“Where are you going?” faltered Leech.

They moved on without a word.

“Wait—I will—I will give——”

A bag or something was suddenly thrown over his head and pressed down to his elbows, which at the same moment were pinioned to his side, and his pistol was taken. He was afraid to cry out, and perhaps could not have done so even had he tried.

The next instant a hand was put into his breast pocket and his pocket-book and all his papers were taken out; he was conscious of a match being struck and a light made, and that his papers were being looked over. He thought he heard one of his captors say, “Ah!” and the next moment the papers and pocket-book were put back in his pocket, and the light was extinguished; the bag was drawn from over his head, and his captors rode off through the woods. When he tried to move he discovered that his horse was tied to a bush and he had to dismount to untie him. His pistol was lying at the foot of the sapling. Long before he had finished loosing his horse, the sound of his two waylayers had died out.

As the Provost entered the village the sour expression on his face deepened. The clouds had disappeared and the summer night was perfect; the village lay before him, a picture of peace; the glint of white beneath the court-house trees being just enough to suggest that the tents there were hidden. The streets were filled with a careless throng, and all the sounds were those of merriment: laughter and shouting, and the twang of banjos. There was never an unlikelier field for such a plan as the Provost had in mind.
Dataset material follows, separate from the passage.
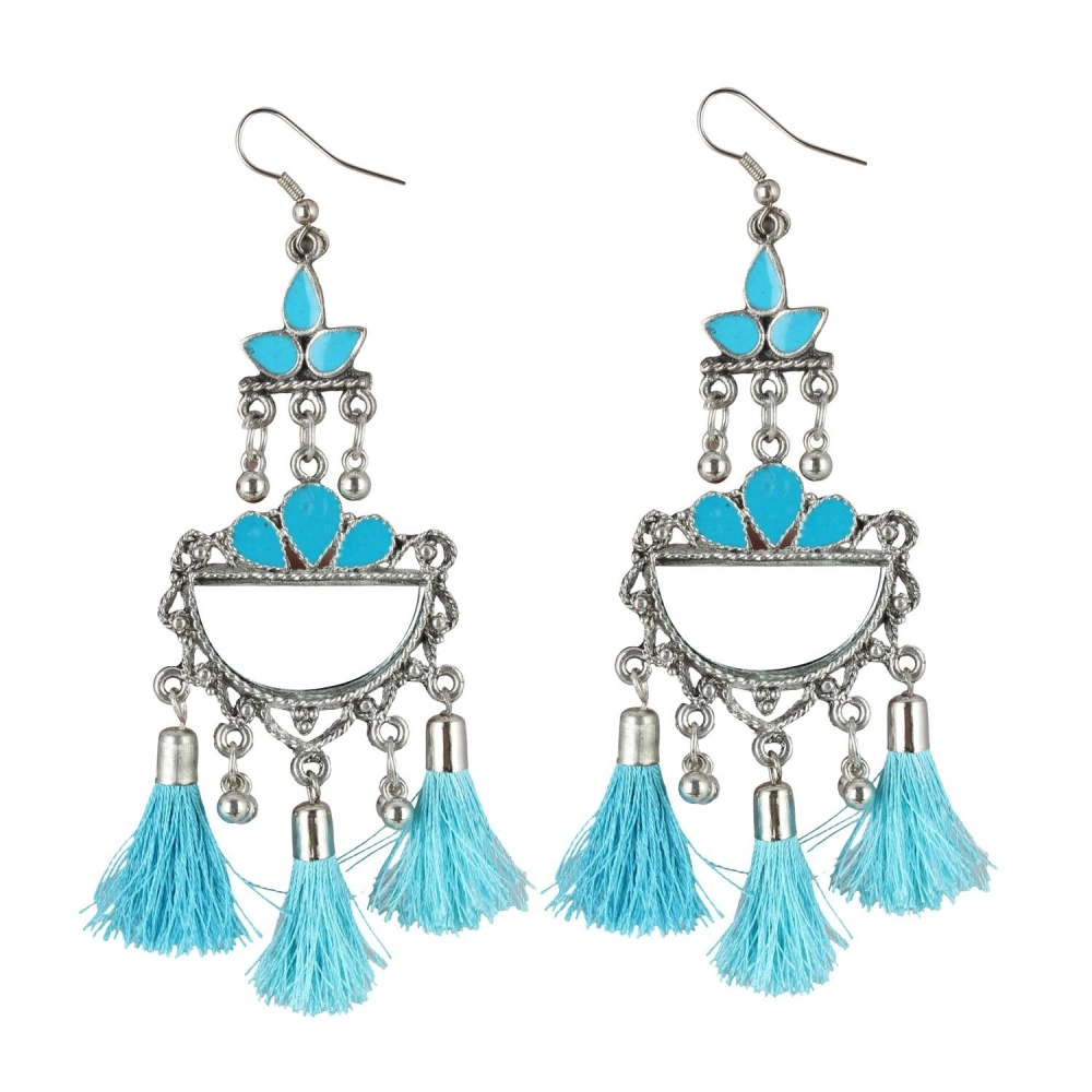 Women’s Oxidized Silver Plated Firoji Tassel Earrings – Blue

He rode through like a shadow, silencing the negroes and scowling at the whites, and as soon as he had put up his horse, he called on Captain Middleton. It was not a long interview, but it was a stormy one, and when the Provost came out of the Captain’s office he had thrown down the gauntlet and there was an open breach between them. He had complained to Middleton of being beset by highwaymen and robbed of his order, and Middleton had told him plainly he did not believe a word he said.

“How did you get such an order? If there was such an order, why was it not addressed to me?” he asked.

Leech said that he declined to be interrogated, but he would soon show him that he had authority.